La porte s'est brusquement ouverte. L'homme au turban et au joyau nous regardait, accompagné de deux acolytes. Chamsudine avait les yeux rouges et moi un sourire à l'envers figé sur le visage, mais bizarrement, il ne posa aucune question. Il nous ordonna plutôt de le suivre à travers les couloirs du palais. Cette merveille architecturale était également une merveille intellectuelle. La légende raconte que la personne ayant fait pour la première fois le tour du palais n'en est jamais ressorti et a péri dans le labyrinthe formé par les couloirs étroits de pierres.
Je respirai fort. J'étais en contact avec ma culture, je respirai l'orient à plein nez, et ça me rendait heureux. J'avais envie de sauter partout, puis je me rappelait de la grande robe orientale jaune -orangée de Nedjma et l'envie me passait immédiatement. J'avais plutôt envie de me pendre avec la ceinture qu'elle portait ce jour-là.
J'avais l'impression d'avoir fait un marathon, tant c'était long d'arriver à destination. J'ai tapoté le coude de Chamsudine avec le mien.
-"Tu conseilleras de ma part à l'homme de mettre des panneaux dans son domicile, parce que là c'est excessif. "
Il a émit un petit rire. J'étais pourtant sérieux dans mon affaire. Mais Chamsudine n'était pas quelqu'un de sérieux, alors c'était compliqué.
Peut-être que je devrais être comme lui. Peut-être que je devrais apprendre à me détendre et à accepter le sort, comme l'avais fait Ritedj des années auparavant. Elle avait accepté le mal que je lui faisait, en se disant qu'il valait mieux ceci que rien, en se disant qu'au moins, je prenais en compte son existence.

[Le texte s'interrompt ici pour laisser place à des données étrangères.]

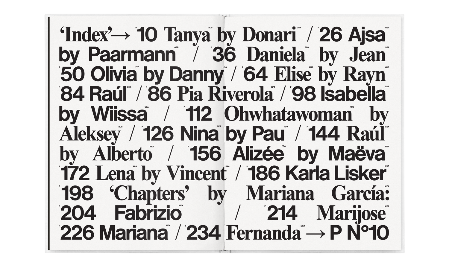 Featuring: Elise Zecevic by Rayn Jermain / Isabella Carr by Wiissa / Alizée Gamberini by Maëva Gamberini / Tanya Kizko by Donari Braxton / Fabrizio, Fernanda, Mariana & Marijose by Mariana García / Rik Bracho / Raúl Mena by Alberto Pinto / Raúl Salazar / Alejandra Guilmant by Karla Lisker / Nina Urgell by Pau Carrete / Ajsa Selimovic by Marcus Paarmann / Daniela Aldana by Jean Ambrojo / Olivia Taylor by Danny Scott Lane / Ohwhatawoman by Aleksey Burcev / Lena Simonne by Vincent Girardot / Pia Riverola

Enfin, l'homme au turban et au saphir s'arrêta devant une double porte de métal doré. Il toqua, et ce fut carrément un cortège qui ouvrit les deux grands battants. Une table rectangulaire traversait en longueur la salle, une table encore plus garnie que celle de la pièce précédente. L'homme nous installa au bout, sur un côté, Chamsudine et moi. J'étais avec lui et c'était tout ce qui comptait. La salle était remplie d'inconnus et d'esclaves, j'avais l'impression d'avoir changé de siècle. Les voix fusaient, c'était un véritable festin. Je ne comprenait rien aux discussions, mais Chamsudine se chargeait de tout me traduire.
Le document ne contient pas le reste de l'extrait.